# 4.5: Electron Affinity


Learning Objectives

• To master the concept of electron affinity as a measure of the energy required to add an electron to an atom or ion.
• To recognize the inverse relationship of ionization energies and electron affinities

The electron affinity ($$EA$$) of an element $$E$$ is defined as the energy change that occurs when an electron is added to a gaseous atom or ion:

$E_{(g)}+e^- \rightarrow E^-_{(g)} \;\;\; \text{energy change=}EA \label{7.5.1}$

Unlike ionization energies, which are always positive for a neutral atom because energy is required to remove an electron, electron affinities can be negative (energy is released when an electron is added), positive (energy must be added to the system to produce an anion), or zero (the process is energetically neutral). This sign convention is consistent with a negative value corresponded to the energy change for an exothermic process, which is one in which heat is released (Figure $$\PageIndex{1}$$).
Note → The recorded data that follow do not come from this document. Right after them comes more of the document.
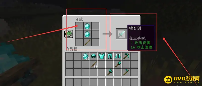 3、我们按照图示合成配方进行合成,利用二个钻石和一个木棍就可以合成钻石剑了。
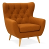 Model opiera się na drewnianych nóżkach o wysokości 18 cm, wybarwionych w odcieniu Dąb Wosk, co nadaje bryle lekkości oraz ułatwia utrzymanie porządku w przestrzeni pod siedziskiem. Solidna podstawa gwarantuje stabilność i trwałość konstrukcji, dzięki czemu fotel zachowuje swoje walory estetyczne przez długie lata. Całość tworzy spójną, dopracowaną formę, która wpasowuje się w różnorodne aranżacje wnętrz.
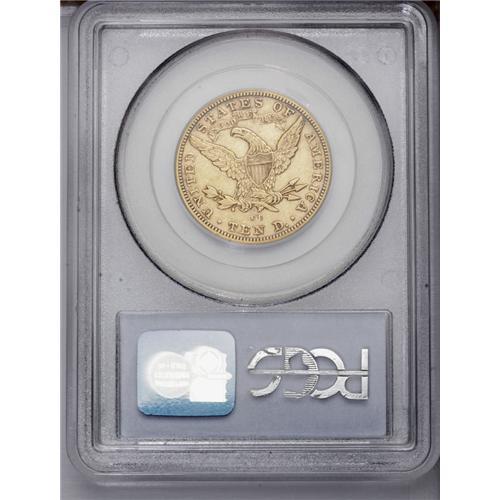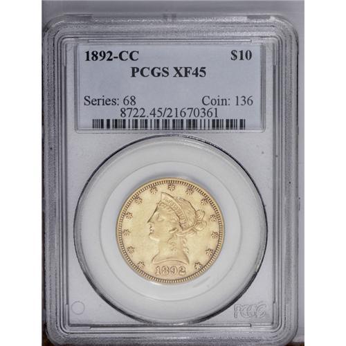 <B>1892-CC $10 XF45 PCGS.</B></I> IN GOD WE TRUST and STATES OF are nicely die doubled on this low mintage Carson City eagle. Luster is substantial for the grade, and the light golden-brown surfaces are only moderately subdued by wispy slide marks.
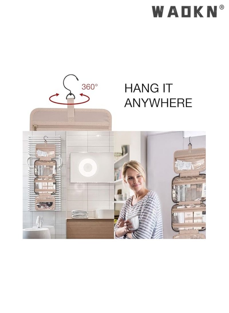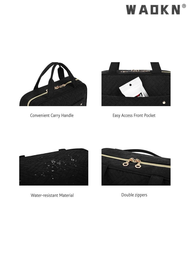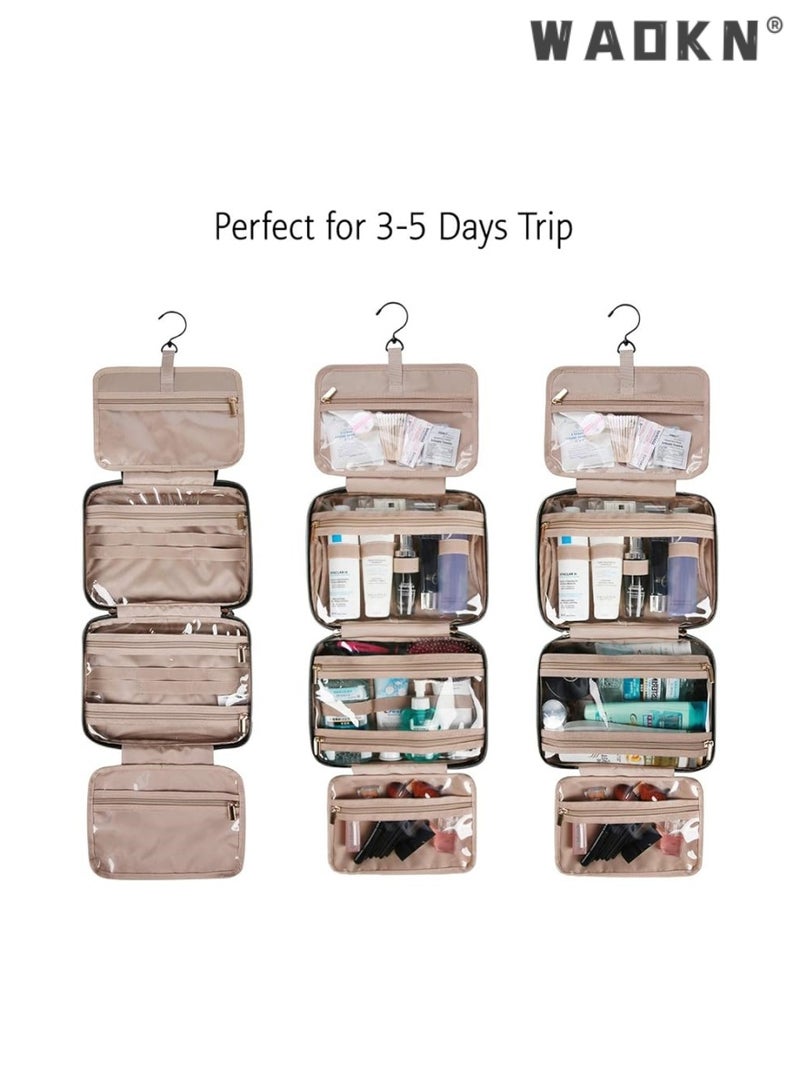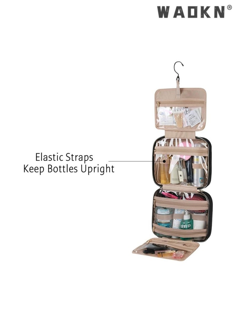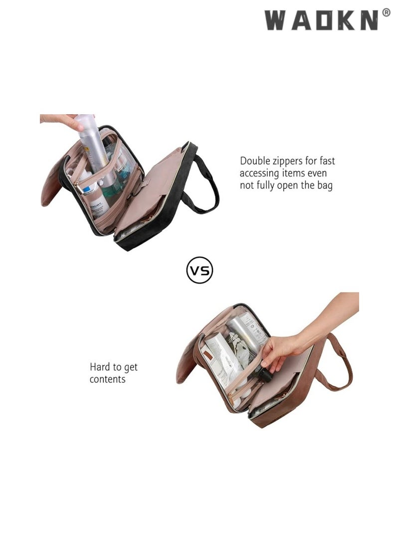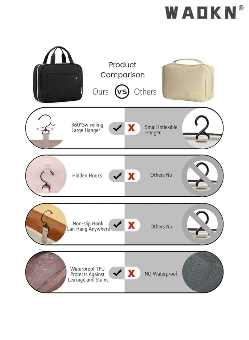 WAOKNLarge Capacity Toiletry Bag Travel Bag with Hanging Hook, Water-resistant Portable Cosmetic Bag Travel Women's Wash Bag Travel Organizer for Accessories Shower Gel Shampoo,Toiletries(Black)

The chlorine atom has the most negative electron affinity of any element, which means that more energy is released when an electron is added to a gaseous chlorine atom than to an atom of any other element:

$\ce{ Cl(g) + e^- \rightarrow Cl^- (g)} \;\;\; EA=-346\; kJ/mol \label{7.5.2}$

In contrast, beryllium does not form a stable anion, so its effective electron affinity is

$\ce{ Be(g) + e^- \rightarrow Be^- (g)} \;\;\; EA \ge 0 \label{7.5.3}$

Nitrogen is unique in that it has an electron affinity of approximately zero. Adding an electron neither releases nor requires a significant amount of energy:

$\ce{ N(g) + e^- \rightarrow N^- (g)} \;\;\; EA \approx 0 \label{7.5.4}$

Generally, electron affinities become more negative across a row of the periodic table.

In general, electron affinities of the main-group elements become less negative as we proceed down a column. This is because as n increases, the extra electrons enter orbitals that are increasingly far from the nucleus.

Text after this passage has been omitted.